Acid Catalyzed Stereocontrolled Ferrier-Type Glycosylation Assisted by Perfluorinated Solvent
, Yanzhi Li 1,2,†, Shaohua Xiang 3,*, Mengke Zuo 1, Yangxing Sun 2, Xingxing Jiang 1,2, Rongkai Jiao 1, Yinghong Wang 1 and Yuqin Fu 1,*Round 1
Reviewer 1 Report
The manuscript describes a method for stereoselective formation of O/S-glycosidic linkages via Ferrier rearrangement of acetylated glycals using perfluorinated solvent. The method has broad substrate generality and good to excellent alfa-selectivity for six carbon glycals. In addition, the perfluorinated solvent was recyclable. And the compounds' data was complete. This paper should be published in this journal after modification as described below.

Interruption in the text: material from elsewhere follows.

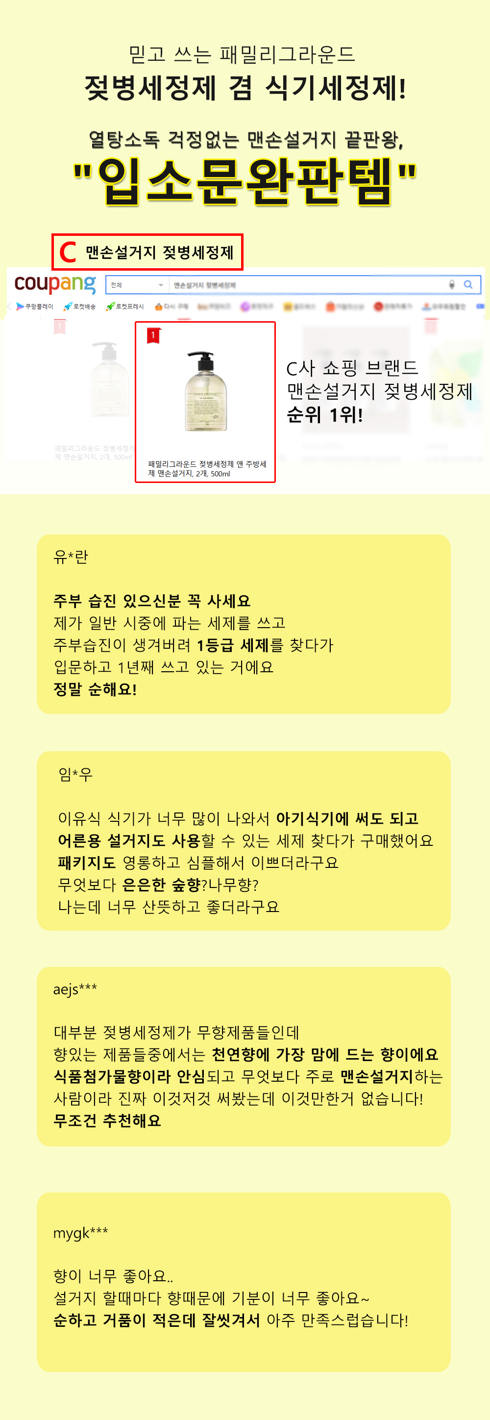 패밀리그라운드 맨손설거지 비건 주방세제겸 젖병세정제 500ml

1, In table 1 entry 6, there is almost no product without resin-H+ using PFH; while the normal solvents are not good for this reaction with resin-H+(entries 9-12). But the yield was increased significantly under resin-H+ as catalyst and PFH as solvent. It is better to explan why PFH can improve resin-H+ catalytic activity. And please reconsider the title and the sentance in conclusion "Notably, catalytic turnover is achieved with a minimal amount of resin-H+ due to the release of acetic acid in the reaction process."
2, In scheme 1 and scheme 2, the reactions generated the same products 3aa and 4c using different donor glucal 1a and allal 1c, but the stereoselectivity were different. it is better to give explanation.
3, There are some formatting errors in table 1 (superscript, italics, space) and references 4d.
4, For the PFH recycling experiments, does need to add 0.2mg resin-H+ for each cycle? I did not find this information in manuscript and SI. It is better to provide.
5, It is better to give references for known compounds. A few NMR spectra are not clean enough.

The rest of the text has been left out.